Spheer produces a single confusion matrix per validation layer. By organizing your validation shapes into different layers, you can evaluate your model from different perspectives. One validation layer might cover a particular region or year, another might focus on a specific class or a harder set of edge cases. This lets you pinpoint not just whether the model is performing well overall, but where and under what conditions it succeeds or struggles.
For a classification model, each class wil be seen back as a class in the confusion matrix. For a regression model, where the output is a continuous regression value rather than a discrete class, the same logic of comparing prediction against truth applies, but the values are grouped into bins. For example, a bin of 0%-10% holds all values that fall between 0% and 10% .

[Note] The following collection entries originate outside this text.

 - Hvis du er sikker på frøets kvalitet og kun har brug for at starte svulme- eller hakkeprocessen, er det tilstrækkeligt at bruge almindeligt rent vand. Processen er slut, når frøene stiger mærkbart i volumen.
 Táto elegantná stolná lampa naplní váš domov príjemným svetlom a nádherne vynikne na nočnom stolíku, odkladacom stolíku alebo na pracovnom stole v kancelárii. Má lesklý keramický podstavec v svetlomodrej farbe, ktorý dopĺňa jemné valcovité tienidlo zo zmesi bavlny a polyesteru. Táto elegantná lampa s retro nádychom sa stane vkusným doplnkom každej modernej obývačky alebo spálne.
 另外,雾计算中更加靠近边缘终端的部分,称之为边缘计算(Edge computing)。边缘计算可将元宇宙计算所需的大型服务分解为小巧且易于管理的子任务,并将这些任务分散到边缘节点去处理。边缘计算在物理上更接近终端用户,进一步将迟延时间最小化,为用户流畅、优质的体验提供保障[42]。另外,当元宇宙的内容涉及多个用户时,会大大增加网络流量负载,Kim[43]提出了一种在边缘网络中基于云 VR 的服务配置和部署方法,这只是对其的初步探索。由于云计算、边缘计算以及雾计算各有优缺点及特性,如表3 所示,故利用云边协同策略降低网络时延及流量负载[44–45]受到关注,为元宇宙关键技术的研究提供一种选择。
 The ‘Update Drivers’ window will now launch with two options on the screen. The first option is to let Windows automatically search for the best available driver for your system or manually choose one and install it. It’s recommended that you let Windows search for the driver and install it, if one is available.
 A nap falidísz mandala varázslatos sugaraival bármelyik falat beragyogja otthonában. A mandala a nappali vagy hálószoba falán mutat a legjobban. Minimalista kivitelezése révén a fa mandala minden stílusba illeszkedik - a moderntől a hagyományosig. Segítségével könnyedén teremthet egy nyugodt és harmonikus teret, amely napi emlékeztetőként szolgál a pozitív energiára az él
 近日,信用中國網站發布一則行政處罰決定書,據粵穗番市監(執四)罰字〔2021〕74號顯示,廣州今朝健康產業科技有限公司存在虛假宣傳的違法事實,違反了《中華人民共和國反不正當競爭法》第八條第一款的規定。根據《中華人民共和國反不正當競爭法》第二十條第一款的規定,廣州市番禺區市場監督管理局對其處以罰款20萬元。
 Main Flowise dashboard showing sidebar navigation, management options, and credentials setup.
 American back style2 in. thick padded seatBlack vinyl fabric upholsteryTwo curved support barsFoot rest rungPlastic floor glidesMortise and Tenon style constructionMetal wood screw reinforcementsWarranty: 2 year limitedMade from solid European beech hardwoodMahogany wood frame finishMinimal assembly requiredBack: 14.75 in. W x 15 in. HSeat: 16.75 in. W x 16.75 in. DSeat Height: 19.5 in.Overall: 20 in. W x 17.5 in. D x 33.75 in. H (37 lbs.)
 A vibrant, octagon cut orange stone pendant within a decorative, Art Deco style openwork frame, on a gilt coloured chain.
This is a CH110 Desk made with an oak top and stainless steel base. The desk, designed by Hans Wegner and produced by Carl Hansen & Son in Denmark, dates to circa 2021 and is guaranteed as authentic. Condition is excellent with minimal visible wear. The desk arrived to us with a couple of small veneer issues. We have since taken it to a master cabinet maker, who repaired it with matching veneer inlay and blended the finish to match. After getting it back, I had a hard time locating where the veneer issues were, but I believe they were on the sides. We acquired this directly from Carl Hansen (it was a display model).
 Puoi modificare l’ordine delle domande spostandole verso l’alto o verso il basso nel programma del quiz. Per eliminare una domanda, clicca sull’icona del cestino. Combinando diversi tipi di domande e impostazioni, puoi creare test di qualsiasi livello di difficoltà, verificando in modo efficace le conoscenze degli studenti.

The practical workflow is, as always, iterative:
- draw your observations in a train layer,
- set aside ground truth examples in one or more validation layers,
- read the confusion matrix each validation layer produces, and
- use what it reveals to refine your observations, adding, moving, or adjusting train shapes, until the matrix tells you the map can be trusted.
Outside the App: Precision and Recall
For simplicity's sake, Spheer reports only accuracy. But the same four numbers in the matrix let you calculate two more focused metrics, should you ever want to reason about a single class in more detail:
- Precision: of everything predicted as a class, how much was correct: True Positive/ (True Positives + False Positives, here 40 / (40 + 5) = 89%, and
- Recall: of all the real instances of that class, how many did the model catch: True Positives / (True Positives + False Negatives), here 40 / (40 + 10) = 80%.
Where accuracy judges the model across every class at once, precision and recall zoom in on one.
Precision asks how trustworthy a positive prediction is: when the model says "forest," how often is it right?
Recall asks how complete the model is: of all the real forest out there, how much did it actually find?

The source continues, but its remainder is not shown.